● Task directions
Leaving out all pictures, write down exactly the lines from the one containing "Продается 2-х комн." through the last line of the material.

● Collected data

------------------------------------

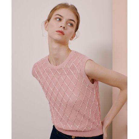 スパンコールを織り込んだキラッとした糸を格子柄のように刺繍したプルオーバー。
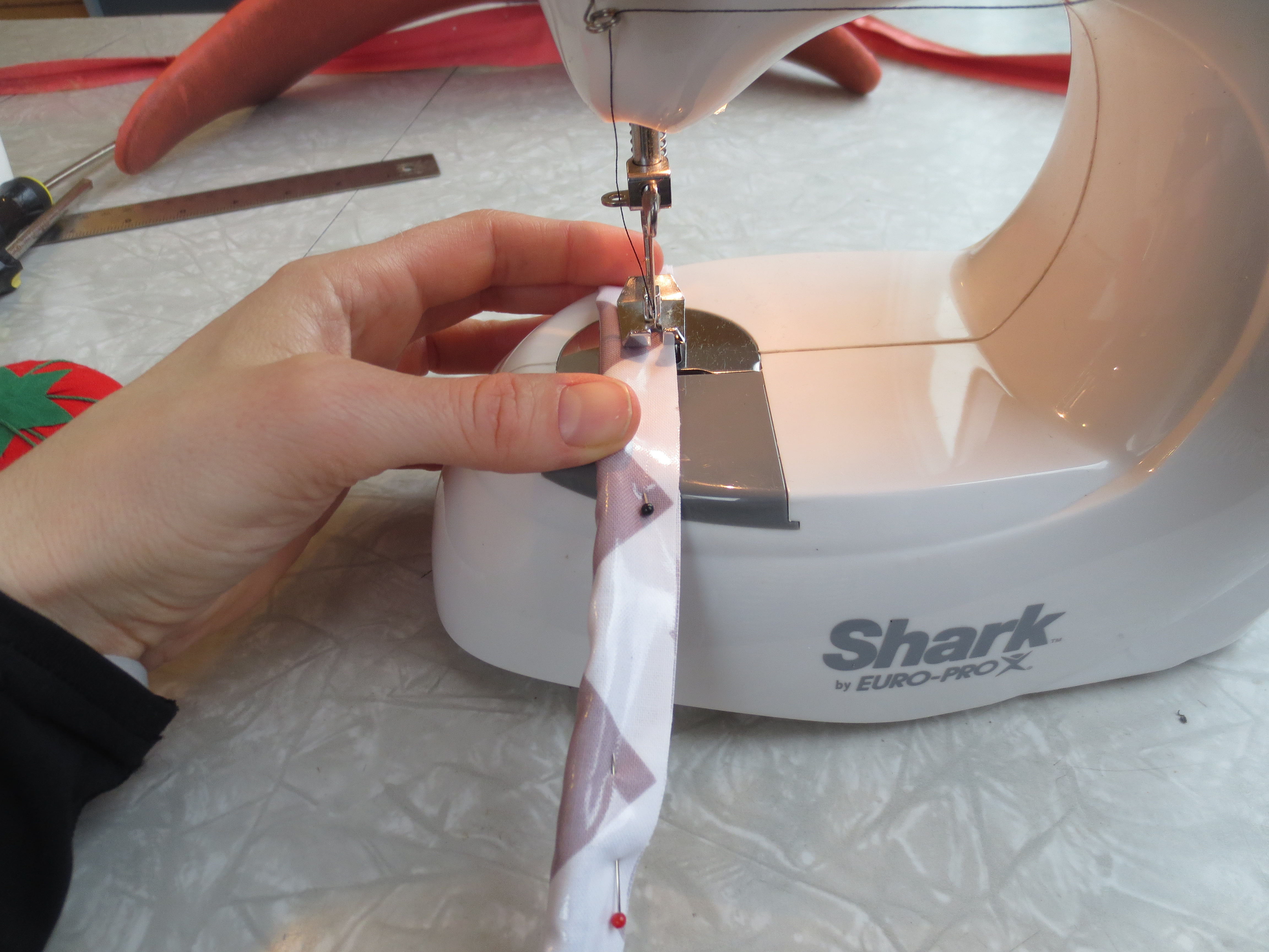 Wrap the new fabric around the cord like a taco, pin it in place and then sew it together. Put aside for a moment.
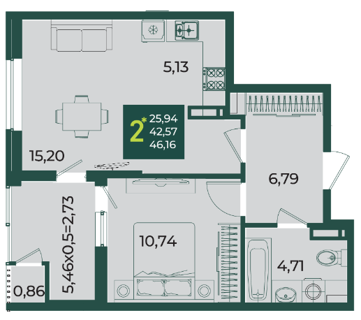 Продается 2-х комн. новостройка, 48.05 кв.м., 16/18 эт
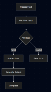 Start[Process Start] –> Input[Get User Input]

------------------------------------

● Task output
 Продается 2-х комн. новостройка, 48.05 кв.м., 16/18 эт
 Start[Process Start] –> Input[Get User Input]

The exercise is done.